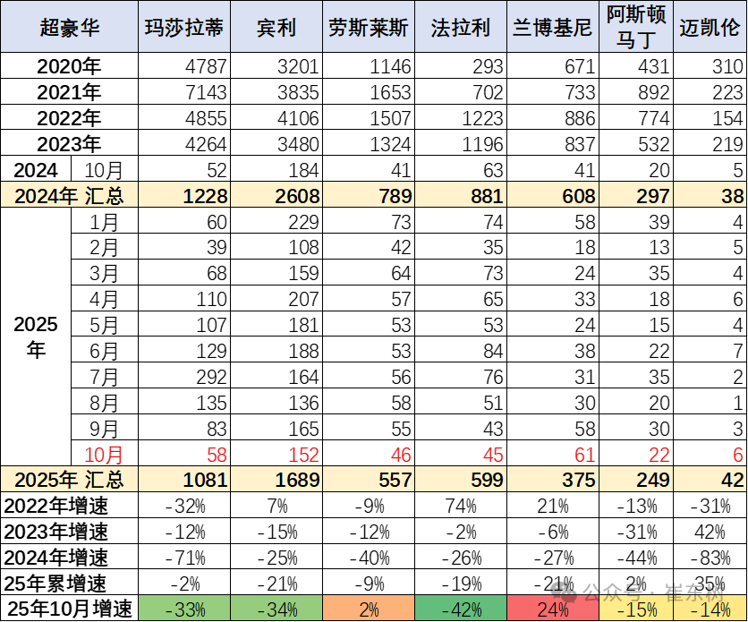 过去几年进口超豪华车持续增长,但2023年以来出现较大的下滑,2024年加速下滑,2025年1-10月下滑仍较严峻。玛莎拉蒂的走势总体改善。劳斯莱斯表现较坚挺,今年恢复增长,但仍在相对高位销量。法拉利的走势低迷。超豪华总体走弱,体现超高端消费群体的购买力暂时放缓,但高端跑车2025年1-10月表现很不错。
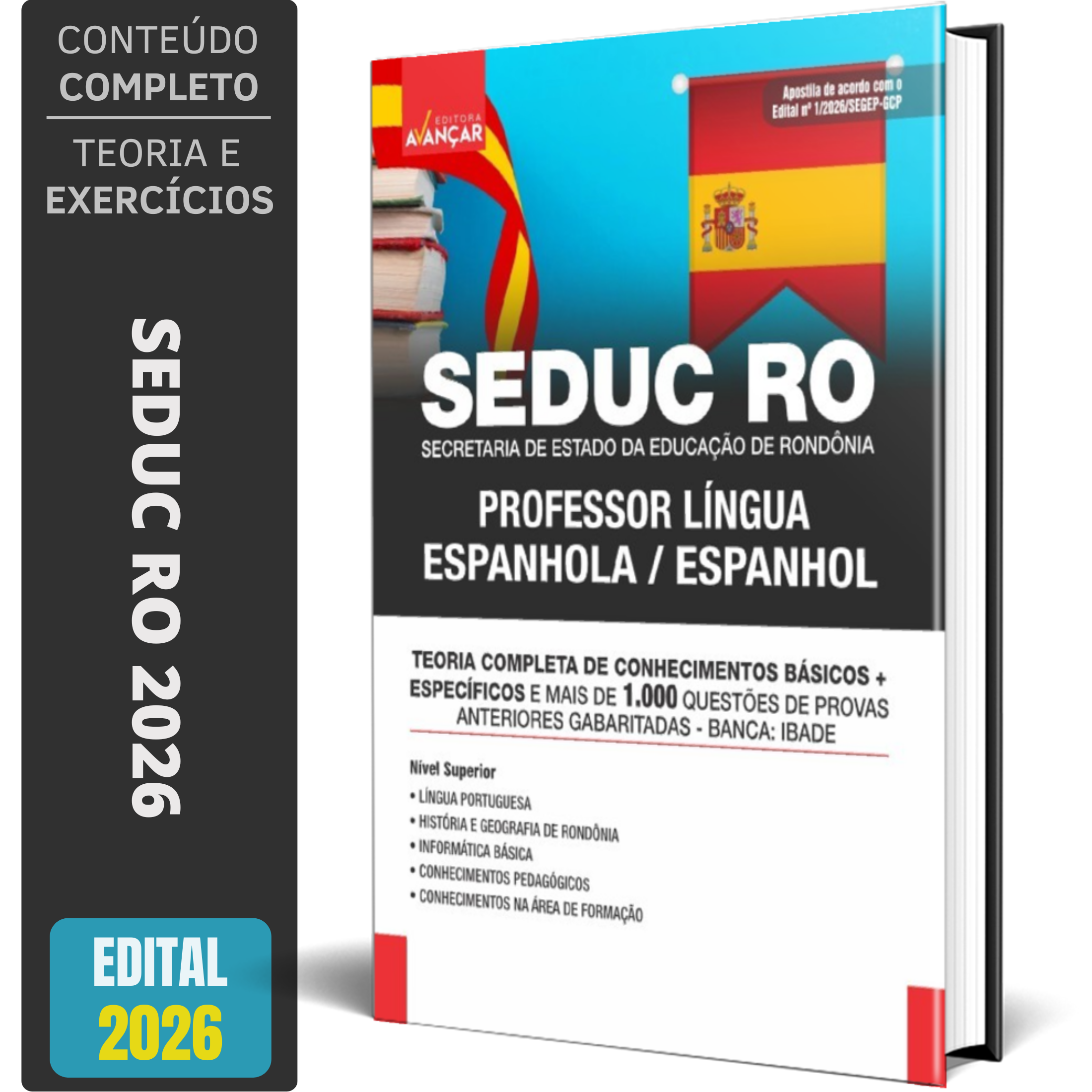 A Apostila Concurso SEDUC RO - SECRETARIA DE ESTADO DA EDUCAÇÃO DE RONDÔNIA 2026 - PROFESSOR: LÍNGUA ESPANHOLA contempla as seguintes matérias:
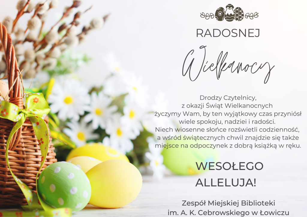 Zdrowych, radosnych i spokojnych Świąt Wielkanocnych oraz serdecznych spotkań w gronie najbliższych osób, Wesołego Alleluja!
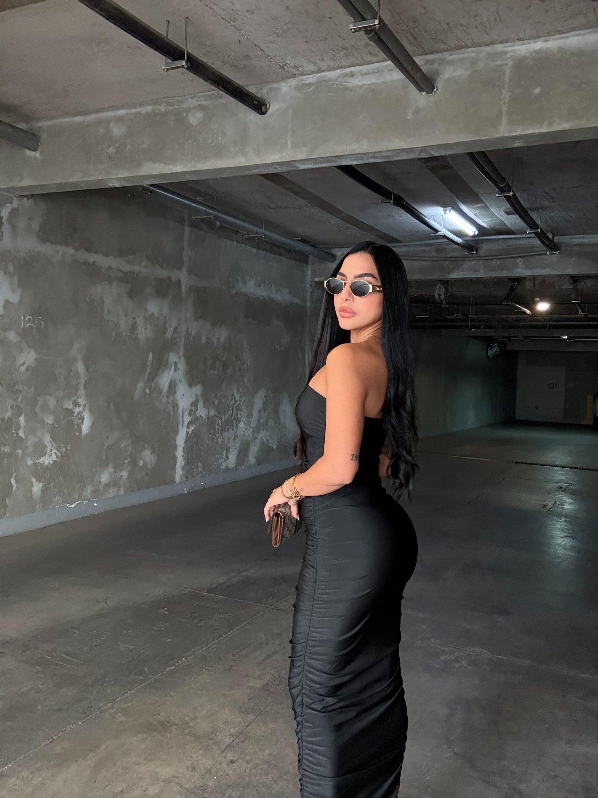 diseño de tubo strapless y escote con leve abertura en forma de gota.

◆ Exercise:
Print nothing except the lines from the one with "Zdrowych, radosnych i" through the last line of the listing, exactly as written and with pictures removed.

◆ Response to this task:
 Zdrowych, radosnych i spokojnych Świąt Wielkanocnych oraz serdecznych spotkań w gronie najbliższych osób, Wesołego Alleluja!
 diseño de tubo strapless y escote con leve abertura en forma de gota.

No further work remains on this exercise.